Statement: Take 10 bytes of data from RAM location 45H to 54 H. Add 05H to each of them & save the result data in RAM location 79H down to 70H

ORG 0000H
MOV R0,#10
MOV R1,#45H
MOV R2,#79H
BACK:
MOV A,@R1
ADD A,#05H
MOV @R2,A
INR R1
DCR R2
DJNZ R0,BACK
END


Explanation:-

First of all we have stored data 10 (decimal) in register R0.
Then we have stored 45H in register R1 and 79H in register R2

'BACK' loop:-

This loop starts with instruction MOV A,@R1
Here @R1 is used therefore the 8051 will load the accumulator with the value from Internal RAM which is specified by the data of  R1.Which means that the data of R1 is currently 45H. So accumulator will contain the data which is stored at memory location 45H. (Indirect Addressing)

After that whatever the data is copied accumulator will be added by 05H.

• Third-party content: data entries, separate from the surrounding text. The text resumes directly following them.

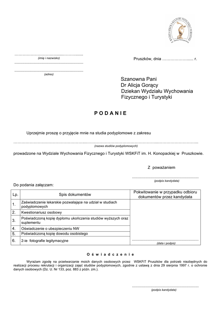 ……………………….…......………....... (imię i nazwisko) Pruszków, dnia ………………...... r. ............................................................. ............................................................. (adres) Szanowna Pani Dr Alicja Gorący Dziekan Wydziału Wychowania Fizycznego i Turystyki PODANIE Uprzejmie proszę o przyjęcie mnie na studia podyplomowe z zakresu ……………………………………………...……………………………………………...………………………... (nazwa studiów podyplomowych) prowadzone na Wydziale Wychowania Fizycznego i Turystyki WSKFiT im. H. Konopackiej w Pruszkowie. Z poważaniem ........................................................... (podpis kandydata) Do podania załączam: Lp. Spis dokumentów 1. Zaświadczenie lekarskie pozwalające na udział w studiach podyplomowych 2. Kwestionariusz osobowy 3. Poświadczoną kopię dyplomu ukończenia studiów wyższych oraz suplementu 4. 5. Oświadczenie o ubezpieczeniu NW Poświadczoną kopię dowodu osobistego 6. 2-ie fotografie legitymacyjne Pokwitowanie w przypadku odbioru dokumentów przez kandydata ........................................................... (data i podpis) O ś w i a d c z e n i e Wyrażam zgodę na przetwarzanie moich danych osobowych przez WSKFiT Pruszków dla potrzeb niezbędnych do realizacji procesu rekrutacji i organizacji zajęć studiów podyplomowych, zgodnie z ustawą z dnia 29 sierpnia 1997 r. o ochronie danych osobowych (Dz. U. Nr 133, poz. 883 z późn. zm.). ........................................................... (podpis kandydata)
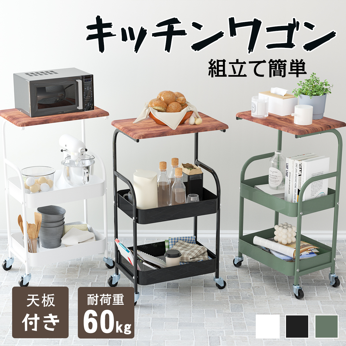 キッチンの調味料がゴチャゴチャ、リビングの雑誌が山積み… このカート 1 台で、調理時のスペース不足や部屋の見栄え悪化を瞬時に解消!
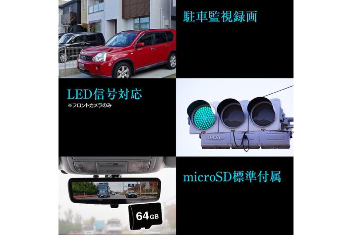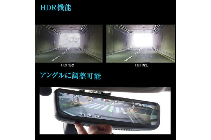 フロントカメラ1920×1080pixel(フルHD)、リアカメラ1920×384pixel(ミラー表示範囲)の高解像度録画。
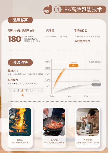更为重要的是,田螺云厨不仅可以做到“无油烟”,其烹饪的饭菜也“够火候”。中式烹饪极为讲究火候,既要火力够大,又要懂火候怎么控制。燃气灶看起来“火够大”,可柱火源温度集中在下部,热量损失很大,热效率不高。田螺云厨具有EA高效聚能技术,能够高效转化能源,升温够快,温度够高,更能达到中式烹饪所需要的火力大小。此外,田螺云厨借助AI云计算,将大厨才能掌握的火候经验转为数据,让机器代替用户来掌控烹饪中的火候,如此以来,哪怕没有烹饪经验的厨房小白也能做出堪比菜馆的美味。
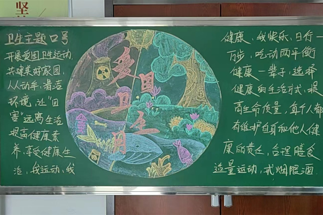 学校通过张贴宣传标语、绘制黑板报、电子大屏幕、举行创意作品大赛等形式广泛宣传第35个爱国卫生月,普及健康卫生知识。通过宣传教育,充分带动广大师生积极参与到爱国卫生月系列活动中来,形成人人讲卫生、处处环境优的良好校园氛围。
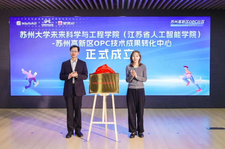 12月2日,苏州大学未来科学与工程学院(江苏省人工智能学院)—苏州高新区OPC技术成果转化中心正式成立。中心将以“人工智能+产业赋能”为核心导向,紧扣国家战略重点方向,依托双方创新要素资源优势,构建“高校源头创新—园区场景验证—产业规模落地”的全链条转化体系,助力OPC群体成长为人工智能产业创新的重要生力军。同时,学院积极整合中关村超互联联盟、WaytoAGI等跨域平台、AI开源社区及OPC创新企业资源,将产业前沿需求、市场真实场景全面融入大学课堂,推动“单人+AI即公司”的创新理念落地生根。
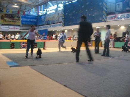 Кобель. Класс Промежуточный 364 ЛЮСМО ШАЛУНИШКА (чёрн) (Славян Рашн Бой х Люсмо Надменная Фея) вл. Московченко, Берёзовский CAC, CACIB с фотками тоев опять напряг,тк внезапно прямо в ринге я неожиданно узнаю, что должна помочь вытавить собак на сравнение осмотр на столе))) |
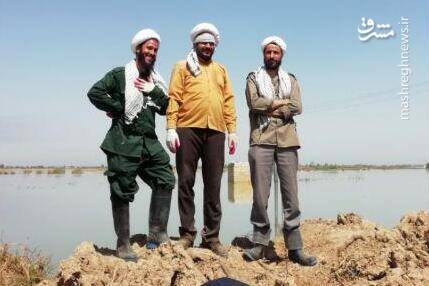 حجتالاسلام شامحمدی؛ امام جمعه فریدون شهر(نفر سمت راست)، حجتالاسلام اسکندری؛ امام جمعه بویین میان دشت (نفر وسط) و حجتالاسلام صابری امام جمعه دامنه اصفهان (نفر سمت چپ) به همراه شاگردان و همشهریانشان برای یاری مردم سیلزده به خوزستان آمدند.
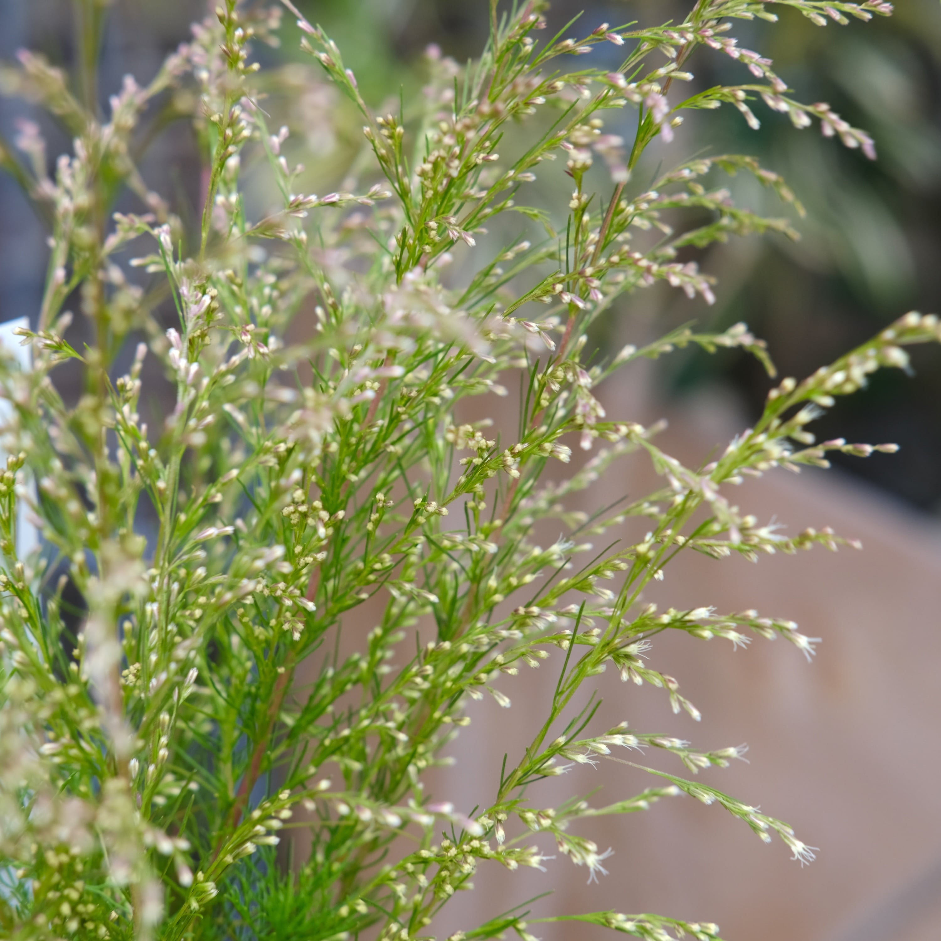 夏に向かう頃、羽のようにふわふわした葉を茂らせるのが魅力的なグリーンフェザーです。夏には茎が伸びて秋には花穂を見せてくれます。晩秋には花穂が白っぽくなり、その姿もまた美しいです。

Then the data of the accumulator will be copied in the memory location which is specified by the data of register R2.

Data of R1 is incremented by 1. (as we want to go from 45 H to 54 H)
Data of R2 is decremented by 1.(as we want to go from 79 H to 70 H)
R0 is decremented by 1. (and it jumps to BACK if the value of register R0 is not zero.)

END stands for 'stop'.